ST: It was an outpost of bohemia and the avant-garde from the very beginning, as evidenced by the novelist William Dean Howells’ portrait of it in his 1893 novel The Coast ofBohemia. The American landscape artists who first occupied the Chelsea’s top-floor lofts were as poor, free-living, and artistically adventurous as the artists who live there now. Trying to pinpoint the moment that the building’s bohemian reputation for bohemianism cemented is exactly like trying to pinpoint the moment at which cement hardens – but I guess I would say that by the Depression era the hotel’s reputation was widely known. By this time, for instance, Thomas Wolfe’s editor Maxwell Perkins knew enough to send the author to the Chelsea when Wolfe needed an inexpensive, private, tolerant environment. There, Wolfe found a welcoming community of iconic but impoverished artists and writers, including Edgar Lee Masters and John Sloan (not to mention the slightly-less-impoverished Virgil Thomson). The W.P.A. subsidies greatly enhanced this atmosphere, allowing the residents to worry less about the rent and more about where art was going in America. The richness and excitement of this period carried forward into the 1950s and 1960s – which wouldn’t have been the same without the underlying layer created by the W.P.A. artists.

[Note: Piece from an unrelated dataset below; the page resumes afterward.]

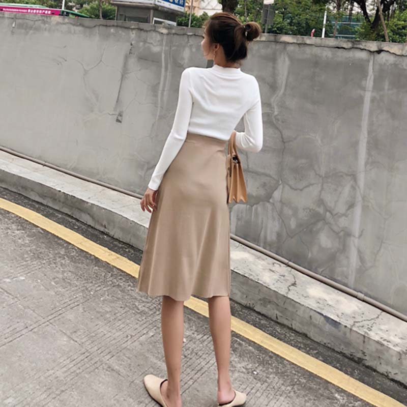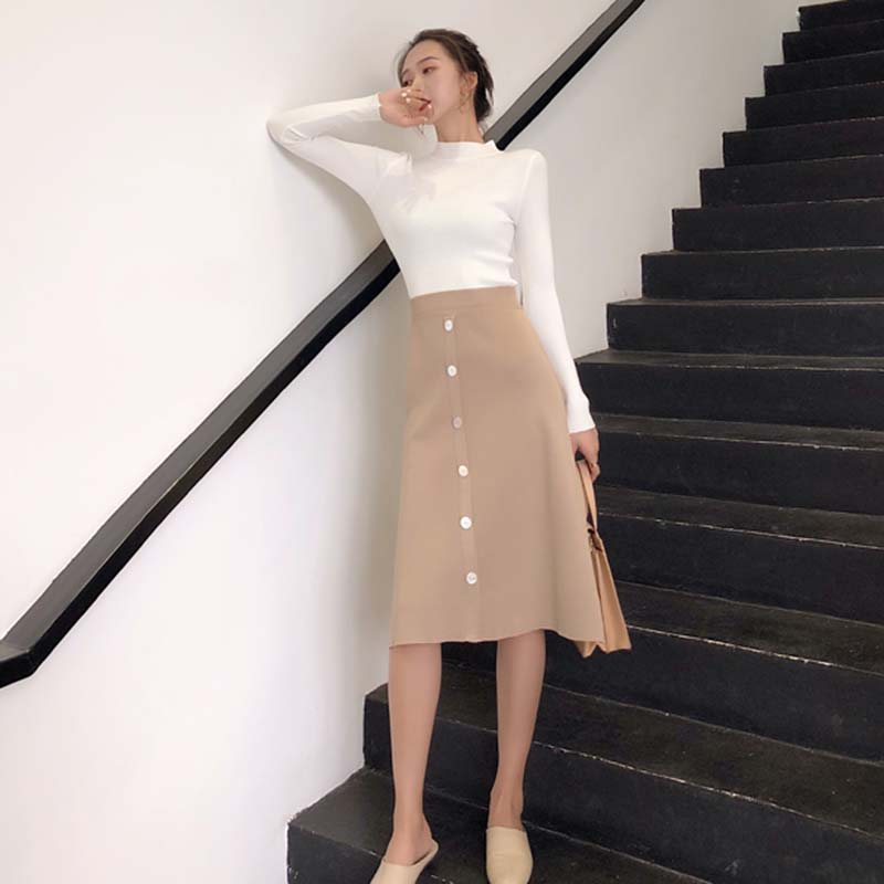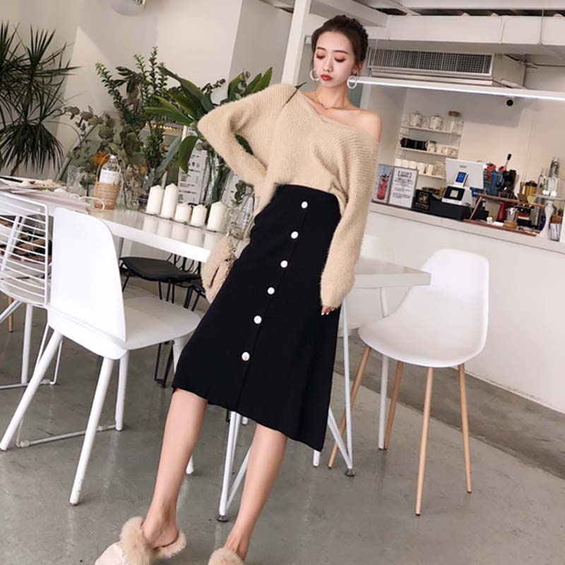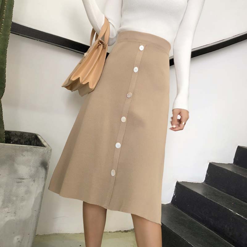 高腰顯瘦A字裙秋裝女2018新款韓版復古單排扣針織裙寬松半身裙子

DH: Residents like the musicologist Harry Smith, Arthur C. Clarke believed that art can change the world. And they tried to do it from their rooms in the Chelsea. Now--looking at the Chelsea --it is a gutted shell of its former self. Is the dream dead? Do you see other bohemian enclaves coming around? Or is it just college graduates posturing in Williamsburg until they get real jobs?
ST: I’m afraid I do feel, personally, that that particular dream is dead for the time being – at least in New York. As I implied in my treatment of Harry Smith’s experience, I feel that in the battle between the bohemian vision of creative community and the capitalist ideals for a market-based society, capitalism won. Commodification kills truth in art; a high cost of living kills artistic productivity. However, there will always be artists and bohemians (just as there will also always be posturers). As Patti Smith herself suggested in a recent interview, the place to find creative communities is now more likely to be in smaller towns near big cities – say, in New Paltz, New York, now nicknamed “the new Brooklyn,” or in failed cities such as Detroit, where the most important element for creative life – a low cost of living – and the second-most-important one – stimulating neighbors -- still exist.

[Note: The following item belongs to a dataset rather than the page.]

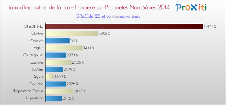 En 2014, le taux de la taxe foncière sur le non bâti vôté par le conseil municipal de Gréolières était de : 114.41 %.

As for the Chelsea, I’m interested in following the current owner’s stated desire to recreate an “artistic climate” at the hotel. Can it be forced into existence, with free rooms for visiting artists, exhibition and performance space downstairs, and expensive rooms to subsidize cheaper ones? One would tend to say no, but on the other hand the original Chelsea was itself an artificial construct. It’s unlikely, but still remotely possible in my opinion, that the Chelsea will reassert its traditional purpose despite the hostile climate in the city surrounding it. And who knows – as New York mayors come and go and the economy continues on its erratic path, this city may hit the skids once again, allowing the bohemians to come rushing in to inhabit the places no one else wants, “like cockroaches,” as the artist and Chelsea Hotel denizen John Sloan once memorably said.